**Goal of the exercise**
Begin with the first line of the material and write out each line exactly, ending with the line that contains "Mens Brief Style". Pictures are not part of the copy.

**Dataset excerpts**
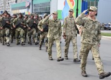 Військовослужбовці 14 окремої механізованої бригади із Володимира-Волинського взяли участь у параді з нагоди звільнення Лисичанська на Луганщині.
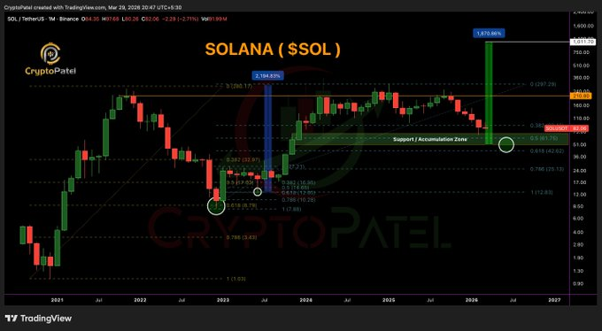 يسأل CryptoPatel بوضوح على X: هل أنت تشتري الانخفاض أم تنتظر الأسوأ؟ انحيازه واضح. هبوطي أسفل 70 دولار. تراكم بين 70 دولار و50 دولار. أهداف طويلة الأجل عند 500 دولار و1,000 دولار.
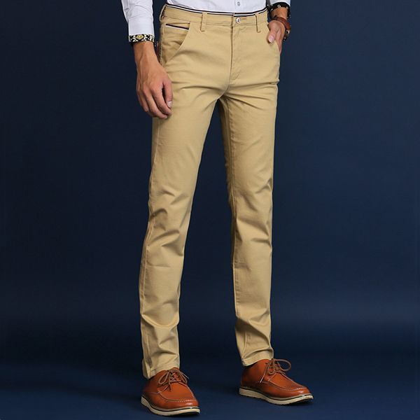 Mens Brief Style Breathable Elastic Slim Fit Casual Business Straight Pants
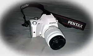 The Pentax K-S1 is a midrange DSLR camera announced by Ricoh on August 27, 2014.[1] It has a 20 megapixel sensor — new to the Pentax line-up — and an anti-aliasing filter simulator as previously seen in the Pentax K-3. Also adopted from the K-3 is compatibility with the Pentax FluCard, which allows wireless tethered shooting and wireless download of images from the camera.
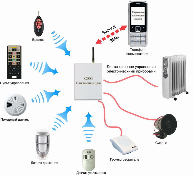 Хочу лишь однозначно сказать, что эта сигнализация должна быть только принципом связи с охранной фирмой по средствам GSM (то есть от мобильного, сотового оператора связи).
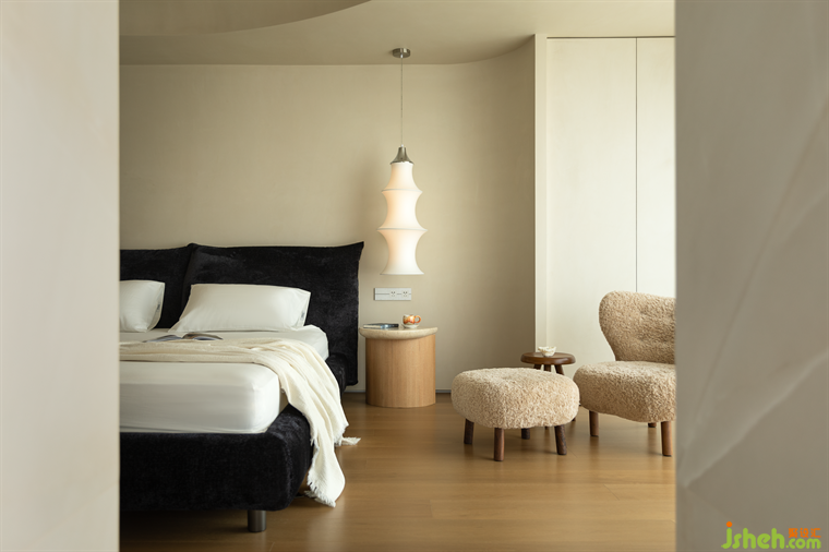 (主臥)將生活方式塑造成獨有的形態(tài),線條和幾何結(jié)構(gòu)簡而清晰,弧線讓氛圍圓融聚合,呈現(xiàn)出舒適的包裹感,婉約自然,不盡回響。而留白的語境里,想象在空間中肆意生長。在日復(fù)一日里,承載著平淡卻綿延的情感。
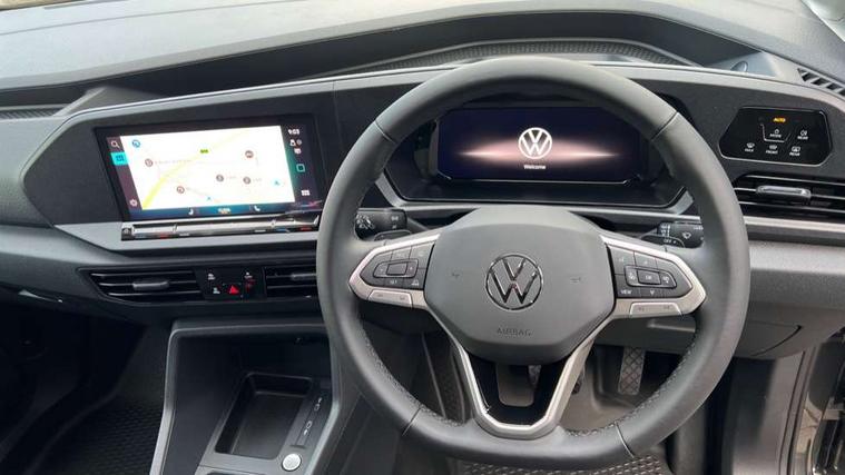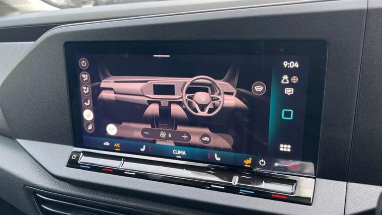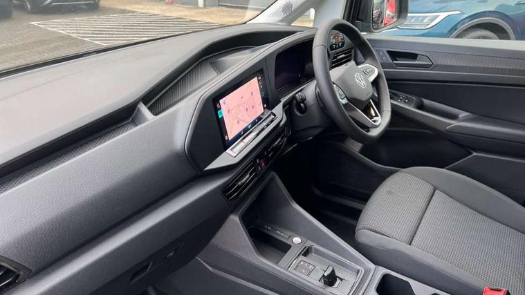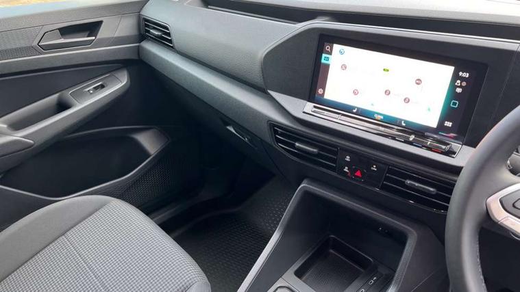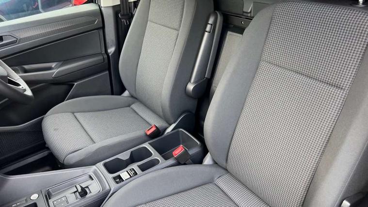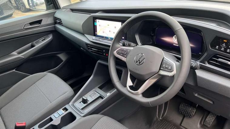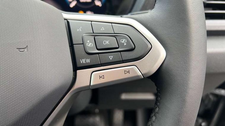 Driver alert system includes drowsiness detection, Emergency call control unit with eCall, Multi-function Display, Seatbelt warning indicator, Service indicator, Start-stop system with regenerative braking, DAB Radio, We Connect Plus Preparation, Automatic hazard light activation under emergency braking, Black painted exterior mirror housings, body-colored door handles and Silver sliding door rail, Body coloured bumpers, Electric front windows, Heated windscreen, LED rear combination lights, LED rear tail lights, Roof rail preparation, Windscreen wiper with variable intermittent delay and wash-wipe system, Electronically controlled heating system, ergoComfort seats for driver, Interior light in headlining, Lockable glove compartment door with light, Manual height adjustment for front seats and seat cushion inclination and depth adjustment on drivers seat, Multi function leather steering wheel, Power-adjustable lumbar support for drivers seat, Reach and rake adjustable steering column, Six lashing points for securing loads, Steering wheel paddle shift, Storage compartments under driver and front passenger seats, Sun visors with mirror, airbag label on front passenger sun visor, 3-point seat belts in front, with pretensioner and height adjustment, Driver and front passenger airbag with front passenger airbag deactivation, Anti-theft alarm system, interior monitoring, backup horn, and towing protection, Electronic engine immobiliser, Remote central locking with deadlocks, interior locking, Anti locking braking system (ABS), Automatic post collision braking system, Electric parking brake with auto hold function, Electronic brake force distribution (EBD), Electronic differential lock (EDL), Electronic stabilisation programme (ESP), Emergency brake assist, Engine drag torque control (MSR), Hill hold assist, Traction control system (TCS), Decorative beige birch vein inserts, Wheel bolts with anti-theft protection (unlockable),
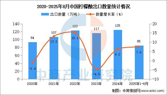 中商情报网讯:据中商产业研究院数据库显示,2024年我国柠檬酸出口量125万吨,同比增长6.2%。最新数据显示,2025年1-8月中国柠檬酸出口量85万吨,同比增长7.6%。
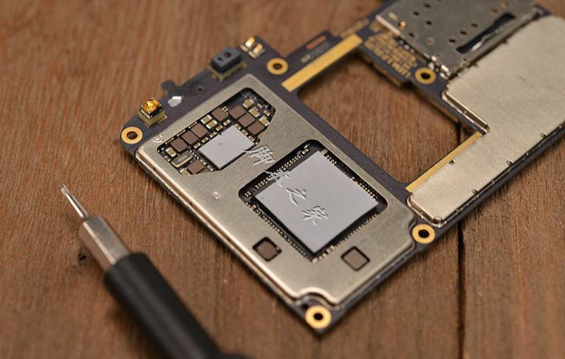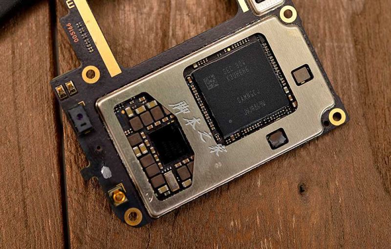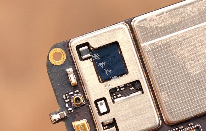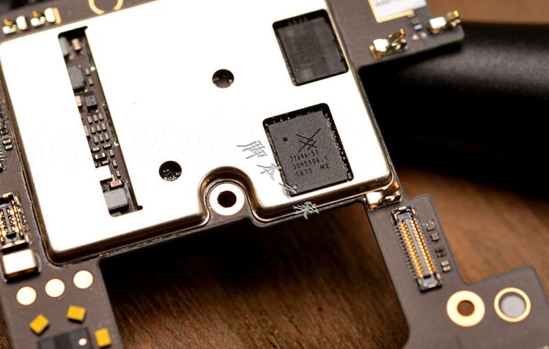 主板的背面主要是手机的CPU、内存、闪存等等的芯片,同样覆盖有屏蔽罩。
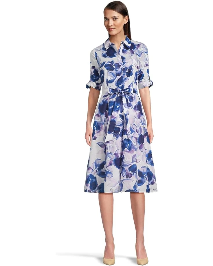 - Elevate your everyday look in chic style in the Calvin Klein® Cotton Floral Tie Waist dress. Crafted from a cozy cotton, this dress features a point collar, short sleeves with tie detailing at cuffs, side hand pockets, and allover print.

**Solution to this problem**
 Військовослужбовці 14 окремої механізованої бригади із Володимира-Волинського взяли участь у параді з нагоди звільнення Лисичанська на Луганщині.
 يسأل CryptoPatel بوضوح على X: هل أنت تشتري الانخفاض أم تنتظر الأسوأ؟ انحيازه واضح. هبوطي أسفل 70 دولار. تراكم بين 70 دولار و50 دولار. أهداف طويلة الأجل عند 500 دولار و1,000 دولار.
 Mens Brief Style Breathable Elastic Slim Fit Casual Business Straight Pants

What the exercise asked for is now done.